**PROBLEM DESCRIPTION:** Out of the material that follows, write out exactly the lines from the line with "Пред неколку минути, земјотрес" to the line with "A soft blush", both ends included, and no others.

**DATA TO USE:**
>>

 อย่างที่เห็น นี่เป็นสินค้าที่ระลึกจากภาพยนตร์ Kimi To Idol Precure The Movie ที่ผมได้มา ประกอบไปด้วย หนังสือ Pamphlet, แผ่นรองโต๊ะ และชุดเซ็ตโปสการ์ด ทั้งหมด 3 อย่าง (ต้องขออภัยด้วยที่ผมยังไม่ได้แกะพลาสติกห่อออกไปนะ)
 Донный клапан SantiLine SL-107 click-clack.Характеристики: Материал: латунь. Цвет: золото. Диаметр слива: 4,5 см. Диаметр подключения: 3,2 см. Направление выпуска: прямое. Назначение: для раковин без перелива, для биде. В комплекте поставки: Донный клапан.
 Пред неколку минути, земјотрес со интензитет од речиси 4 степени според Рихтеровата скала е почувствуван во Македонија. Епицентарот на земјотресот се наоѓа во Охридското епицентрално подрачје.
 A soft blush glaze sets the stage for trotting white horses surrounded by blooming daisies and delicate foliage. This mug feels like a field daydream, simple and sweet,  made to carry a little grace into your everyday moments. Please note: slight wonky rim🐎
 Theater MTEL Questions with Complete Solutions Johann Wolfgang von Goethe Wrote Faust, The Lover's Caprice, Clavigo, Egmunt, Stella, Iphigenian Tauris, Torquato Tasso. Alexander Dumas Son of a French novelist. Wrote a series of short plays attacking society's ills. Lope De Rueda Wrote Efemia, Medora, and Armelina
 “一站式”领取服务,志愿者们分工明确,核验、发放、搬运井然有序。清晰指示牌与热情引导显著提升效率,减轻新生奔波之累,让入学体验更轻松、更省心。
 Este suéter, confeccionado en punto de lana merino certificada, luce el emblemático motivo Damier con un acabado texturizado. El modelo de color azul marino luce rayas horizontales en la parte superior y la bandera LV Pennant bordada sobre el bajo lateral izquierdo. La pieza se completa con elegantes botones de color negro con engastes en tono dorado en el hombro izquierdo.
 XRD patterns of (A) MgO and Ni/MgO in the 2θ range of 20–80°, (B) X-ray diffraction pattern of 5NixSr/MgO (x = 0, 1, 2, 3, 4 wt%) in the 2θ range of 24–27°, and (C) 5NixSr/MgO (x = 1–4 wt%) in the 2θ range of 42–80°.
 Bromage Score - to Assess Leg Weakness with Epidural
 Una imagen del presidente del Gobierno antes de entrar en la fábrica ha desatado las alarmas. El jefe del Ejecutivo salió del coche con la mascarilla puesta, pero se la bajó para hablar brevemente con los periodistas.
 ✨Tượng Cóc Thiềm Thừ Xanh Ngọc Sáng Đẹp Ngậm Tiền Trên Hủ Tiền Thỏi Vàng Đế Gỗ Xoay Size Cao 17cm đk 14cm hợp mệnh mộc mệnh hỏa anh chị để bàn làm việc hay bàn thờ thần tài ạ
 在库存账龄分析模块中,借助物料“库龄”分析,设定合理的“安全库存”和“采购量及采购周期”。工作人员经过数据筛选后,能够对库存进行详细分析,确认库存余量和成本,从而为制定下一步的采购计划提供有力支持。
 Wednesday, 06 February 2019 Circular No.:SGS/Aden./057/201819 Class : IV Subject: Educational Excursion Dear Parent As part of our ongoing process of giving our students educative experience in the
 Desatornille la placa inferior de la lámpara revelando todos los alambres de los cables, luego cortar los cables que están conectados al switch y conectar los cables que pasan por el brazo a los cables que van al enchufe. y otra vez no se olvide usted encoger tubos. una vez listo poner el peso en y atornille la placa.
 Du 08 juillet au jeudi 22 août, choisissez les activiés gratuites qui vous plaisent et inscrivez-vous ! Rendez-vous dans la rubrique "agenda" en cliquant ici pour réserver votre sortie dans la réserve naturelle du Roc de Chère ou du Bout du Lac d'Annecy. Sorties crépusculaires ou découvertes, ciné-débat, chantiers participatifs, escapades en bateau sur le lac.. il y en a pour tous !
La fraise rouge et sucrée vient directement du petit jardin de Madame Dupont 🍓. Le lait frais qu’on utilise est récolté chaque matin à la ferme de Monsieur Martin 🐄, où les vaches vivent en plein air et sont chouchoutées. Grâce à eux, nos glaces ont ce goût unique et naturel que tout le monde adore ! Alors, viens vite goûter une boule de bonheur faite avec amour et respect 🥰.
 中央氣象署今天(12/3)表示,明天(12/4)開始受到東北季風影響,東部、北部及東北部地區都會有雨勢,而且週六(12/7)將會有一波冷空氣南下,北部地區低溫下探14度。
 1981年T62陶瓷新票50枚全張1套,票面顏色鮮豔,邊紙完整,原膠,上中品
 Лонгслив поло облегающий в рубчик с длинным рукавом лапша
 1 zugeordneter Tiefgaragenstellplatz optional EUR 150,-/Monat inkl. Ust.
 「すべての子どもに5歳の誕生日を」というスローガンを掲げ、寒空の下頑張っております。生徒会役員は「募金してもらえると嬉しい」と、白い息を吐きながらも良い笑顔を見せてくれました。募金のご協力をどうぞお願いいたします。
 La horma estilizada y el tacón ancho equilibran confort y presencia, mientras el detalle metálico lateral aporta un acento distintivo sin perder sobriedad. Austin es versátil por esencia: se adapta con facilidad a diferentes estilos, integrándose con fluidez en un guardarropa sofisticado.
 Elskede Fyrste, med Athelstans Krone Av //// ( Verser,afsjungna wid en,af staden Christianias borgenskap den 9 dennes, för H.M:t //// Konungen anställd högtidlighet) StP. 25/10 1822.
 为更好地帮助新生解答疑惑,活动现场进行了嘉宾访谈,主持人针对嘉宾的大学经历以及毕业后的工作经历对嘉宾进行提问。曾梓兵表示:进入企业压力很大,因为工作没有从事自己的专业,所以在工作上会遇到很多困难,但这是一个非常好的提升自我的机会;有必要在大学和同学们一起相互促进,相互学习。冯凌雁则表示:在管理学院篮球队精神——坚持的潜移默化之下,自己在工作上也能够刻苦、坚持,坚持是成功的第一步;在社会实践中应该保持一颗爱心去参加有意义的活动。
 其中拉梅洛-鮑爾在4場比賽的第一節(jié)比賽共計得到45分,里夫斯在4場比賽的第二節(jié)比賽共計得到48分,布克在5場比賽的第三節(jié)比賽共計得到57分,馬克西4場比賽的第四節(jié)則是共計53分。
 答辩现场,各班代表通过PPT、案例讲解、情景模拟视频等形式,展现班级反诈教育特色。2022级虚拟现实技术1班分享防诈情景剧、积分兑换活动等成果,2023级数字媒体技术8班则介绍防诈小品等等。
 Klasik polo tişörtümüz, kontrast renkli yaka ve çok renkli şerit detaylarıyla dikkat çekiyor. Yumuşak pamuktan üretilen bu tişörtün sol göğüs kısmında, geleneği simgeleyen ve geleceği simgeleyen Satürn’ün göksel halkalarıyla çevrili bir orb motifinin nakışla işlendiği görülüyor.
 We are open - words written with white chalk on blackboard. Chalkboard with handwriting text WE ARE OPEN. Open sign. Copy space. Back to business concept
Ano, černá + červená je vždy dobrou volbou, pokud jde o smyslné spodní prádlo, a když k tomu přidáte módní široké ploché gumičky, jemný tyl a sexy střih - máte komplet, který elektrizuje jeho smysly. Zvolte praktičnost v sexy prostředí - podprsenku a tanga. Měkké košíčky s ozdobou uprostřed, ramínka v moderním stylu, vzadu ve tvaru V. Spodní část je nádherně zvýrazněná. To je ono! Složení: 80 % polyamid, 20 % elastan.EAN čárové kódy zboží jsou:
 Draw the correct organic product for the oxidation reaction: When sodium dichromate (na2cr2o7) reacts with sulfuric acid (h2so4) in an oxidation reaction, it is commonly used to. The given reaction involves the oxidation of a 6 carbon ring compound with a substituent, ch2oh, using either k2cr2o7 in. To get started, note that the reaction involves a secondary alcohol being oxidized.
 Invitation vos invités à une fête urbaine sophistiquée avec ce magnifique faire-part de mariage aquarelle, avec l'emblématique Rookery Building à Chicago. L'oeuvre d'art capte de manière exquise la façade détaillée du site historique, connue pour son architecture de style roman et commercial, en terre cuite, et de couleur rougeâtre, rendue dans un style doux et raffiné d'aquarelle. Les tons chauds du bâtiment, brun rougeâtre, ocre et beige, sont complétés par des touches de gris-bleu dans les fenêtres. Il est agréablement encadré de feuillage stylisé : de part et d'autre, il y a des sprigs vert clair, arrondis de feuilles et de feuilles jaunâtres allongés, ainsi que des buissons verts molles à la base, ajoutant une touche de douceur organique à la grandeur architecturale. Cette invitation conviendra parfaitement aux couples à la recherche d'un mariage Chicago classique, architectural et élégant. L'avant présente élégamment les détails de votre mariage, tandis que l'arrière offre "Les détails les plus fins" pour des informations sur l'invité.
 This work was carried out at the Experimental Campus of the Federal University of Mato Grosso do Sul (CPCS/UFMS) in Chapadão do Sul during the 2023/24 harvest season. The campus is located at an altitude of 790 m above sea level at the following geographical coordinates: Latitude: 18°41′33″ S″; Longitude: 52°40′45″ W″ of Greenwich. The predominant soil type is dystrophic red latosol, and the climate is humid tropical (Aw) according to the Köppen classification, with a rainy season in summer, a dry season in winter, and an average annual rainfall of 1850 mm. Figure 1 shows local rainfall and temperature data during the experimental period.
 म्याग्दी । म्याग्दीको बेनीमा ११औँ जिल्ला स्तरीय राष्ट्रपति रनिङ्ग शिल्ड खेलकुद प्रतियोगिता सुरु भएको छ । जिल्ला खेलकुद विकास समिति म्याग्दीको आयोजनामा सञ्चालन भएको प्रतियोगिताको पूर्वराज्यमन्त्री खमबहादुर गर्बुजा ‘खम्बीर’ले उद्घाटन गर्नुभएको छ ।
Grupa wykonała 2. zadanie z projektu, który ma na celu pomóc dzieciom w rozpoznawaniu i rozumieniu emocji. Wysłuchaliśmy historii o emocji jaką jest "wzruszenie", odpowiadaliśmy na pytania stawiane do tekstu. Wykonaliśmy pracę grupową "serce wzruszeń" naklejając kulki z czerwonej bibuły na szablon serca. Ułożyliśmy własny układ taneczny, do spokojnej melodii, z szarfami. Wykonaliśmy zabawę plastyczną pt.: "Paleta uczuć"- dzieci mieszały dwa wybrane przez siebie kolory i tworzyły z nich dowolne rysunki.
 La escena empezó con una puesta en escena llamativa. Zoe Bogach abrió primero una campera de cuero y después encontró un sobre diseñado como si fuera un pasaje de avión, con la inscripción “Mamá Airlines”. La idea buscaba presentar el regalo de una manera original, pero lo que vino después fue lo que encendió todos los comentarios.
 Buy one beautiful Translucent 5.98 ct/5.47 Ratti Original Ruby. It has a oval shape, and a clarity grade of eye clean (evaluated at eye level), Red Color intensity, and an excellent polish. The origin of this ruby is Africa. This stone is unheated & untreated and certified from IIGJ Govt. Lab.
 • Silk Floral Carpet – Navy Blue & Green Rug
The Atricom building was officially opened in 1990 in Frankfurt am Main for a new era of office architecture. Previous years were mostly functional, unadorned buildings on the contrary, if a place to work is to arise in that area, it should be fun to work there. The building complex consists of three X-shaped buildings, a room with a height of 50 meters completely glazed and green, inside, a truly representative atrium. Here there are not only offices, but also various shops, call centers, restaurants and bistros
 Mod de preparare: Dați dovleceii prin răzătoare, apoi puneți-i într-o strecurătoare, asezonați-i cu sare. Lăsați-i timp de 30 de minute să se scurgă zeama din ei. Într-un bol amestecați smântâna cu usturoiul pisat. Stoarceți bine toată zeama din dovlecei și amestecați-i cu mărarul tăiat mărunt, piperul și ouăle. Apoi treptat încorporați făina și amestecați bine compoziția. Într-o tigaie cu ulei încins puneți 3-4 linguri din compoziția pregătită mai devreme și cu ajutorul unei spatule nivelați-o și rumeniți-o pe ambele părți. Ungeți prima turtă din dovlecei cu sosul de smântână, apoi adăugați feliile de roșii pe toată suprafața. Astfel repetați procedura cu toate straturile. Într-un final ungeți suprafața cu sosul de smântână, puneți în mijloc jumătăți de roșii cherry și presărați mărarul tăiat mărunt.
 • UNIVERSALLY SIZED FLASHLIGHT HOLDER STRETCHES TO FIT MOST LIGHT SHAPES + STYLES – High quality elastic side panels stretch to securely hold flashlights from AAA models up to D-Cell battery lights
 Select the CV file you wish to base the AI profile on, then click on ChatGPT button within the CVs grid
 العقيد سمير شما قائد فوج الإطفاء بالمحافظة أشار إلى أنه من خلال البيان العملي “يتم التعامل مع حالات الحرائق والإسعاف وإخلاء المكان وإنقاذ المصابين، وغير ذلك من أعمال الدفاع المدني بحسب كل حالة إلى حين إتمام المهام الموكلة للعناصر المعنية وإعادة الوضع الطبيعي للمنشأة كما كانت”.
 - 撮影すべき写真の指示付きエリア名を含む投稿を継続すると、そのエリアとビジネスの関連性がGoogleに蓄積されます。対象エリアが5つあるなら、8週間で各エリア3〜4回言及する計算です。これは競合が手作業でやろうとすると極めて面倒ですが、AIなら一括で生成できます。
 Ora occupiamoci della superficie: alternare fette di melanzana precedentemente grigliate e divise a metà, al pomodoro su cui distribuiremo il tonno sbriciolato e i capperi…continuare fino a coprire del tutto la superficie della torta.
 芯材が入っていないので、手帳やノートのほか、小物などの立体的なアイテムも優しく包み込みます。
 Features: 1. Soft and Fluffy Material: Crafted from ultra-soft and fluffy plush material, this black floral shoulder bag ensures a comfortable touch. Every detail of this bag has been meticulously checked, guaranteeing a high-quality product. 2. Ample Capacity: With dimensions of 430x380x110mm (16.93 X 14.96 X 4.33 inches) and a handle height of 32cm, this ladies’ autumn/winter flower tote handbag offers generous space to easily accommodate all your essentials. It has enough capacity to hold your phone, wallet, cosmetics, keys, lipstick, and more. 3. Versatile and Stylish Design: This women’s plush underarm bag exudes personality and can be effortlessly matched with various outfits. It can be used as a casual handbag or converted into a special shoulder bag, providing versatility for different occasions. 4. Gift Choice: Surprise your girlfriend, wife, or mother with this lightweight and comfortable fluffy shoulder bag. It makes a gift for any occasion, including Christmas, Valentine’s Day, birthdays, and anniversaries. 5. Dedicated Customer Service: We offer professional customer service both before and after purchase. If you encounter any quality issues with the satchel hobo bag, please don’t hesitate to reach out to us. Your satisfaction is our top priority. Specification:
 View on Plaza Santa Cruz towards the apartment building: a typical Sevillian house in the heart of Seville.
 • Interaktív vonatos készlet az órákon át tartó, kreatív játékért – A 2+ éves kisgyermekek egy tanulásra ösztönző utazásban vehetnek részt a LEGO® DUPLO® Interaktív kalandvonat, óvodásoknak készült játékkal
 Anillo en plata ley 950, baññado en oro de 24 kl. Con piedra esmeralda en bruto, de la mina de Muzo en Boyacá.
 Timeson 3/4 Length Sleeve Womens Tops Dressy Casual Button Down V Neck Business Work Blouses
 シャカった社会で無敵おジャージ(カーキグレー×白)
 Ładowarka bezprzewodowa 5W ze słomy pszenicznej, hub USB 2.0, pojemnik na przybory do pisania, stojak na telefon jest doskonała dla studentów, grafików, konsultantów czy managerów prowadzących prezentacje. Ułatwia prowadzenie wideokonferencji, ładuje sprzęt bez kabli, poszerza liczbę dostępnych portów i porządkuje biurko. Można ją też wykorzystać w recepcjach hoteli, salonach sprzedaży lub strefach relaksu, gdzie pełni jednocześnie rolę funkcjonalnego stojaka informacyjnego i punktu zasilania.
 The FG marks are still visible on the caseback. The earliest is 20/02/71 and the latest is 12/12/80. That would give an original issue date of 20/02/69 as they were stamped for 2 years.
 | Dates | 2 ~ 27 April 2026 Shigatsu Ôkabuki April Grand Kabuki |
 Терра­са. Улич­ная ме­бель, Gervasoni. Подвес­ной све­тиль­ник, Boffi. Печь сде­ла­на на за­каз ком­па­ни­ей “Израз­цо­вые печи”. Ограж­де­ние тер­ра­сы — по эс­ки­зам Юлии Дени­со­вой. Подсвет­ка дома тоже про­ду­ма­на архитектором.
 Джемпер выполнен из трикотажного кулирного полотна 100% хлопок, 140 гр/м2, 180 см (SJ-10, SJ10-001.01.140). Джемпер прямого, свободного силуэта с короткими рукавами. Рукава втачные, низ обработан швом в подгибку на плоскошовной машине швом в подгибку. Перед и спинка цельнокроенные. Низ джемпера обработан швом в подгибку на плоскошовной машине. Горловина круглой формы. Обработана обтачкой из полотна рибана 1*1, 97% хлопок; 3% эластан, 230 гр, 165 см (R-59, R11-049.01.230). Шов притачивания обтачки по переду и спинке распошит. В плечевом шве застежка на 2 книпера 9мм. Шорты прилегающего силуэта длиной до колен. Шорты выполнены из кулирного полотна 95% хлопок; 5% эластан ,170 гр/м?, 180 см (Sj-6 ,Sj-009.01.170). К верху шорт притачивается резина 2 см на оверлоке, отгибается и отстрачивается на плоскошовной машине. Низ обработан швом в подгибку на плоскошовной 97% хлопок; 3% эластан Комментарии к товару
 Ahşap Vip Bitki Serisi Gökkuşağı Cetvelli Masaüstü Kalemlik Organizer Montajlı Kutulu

<<

**ANSWER TO THIS PROBLEM:**
 Пред неколку минути, земјотрес со интензитет од речиси 4 степени според Рихтеровата скала е почувствуван во Македонија. Епицентарот на земјотресот се наоѓа во Охридското епицентрално подрачје.
 A soft blush glaze sets the stage for trotting white horses surrounded by blooming daisies and delicate foliage. This mug feels like a field daydream, simple and sweet,  made to carry a little grace into your everyday moments. Please note: slight wonky rim🐎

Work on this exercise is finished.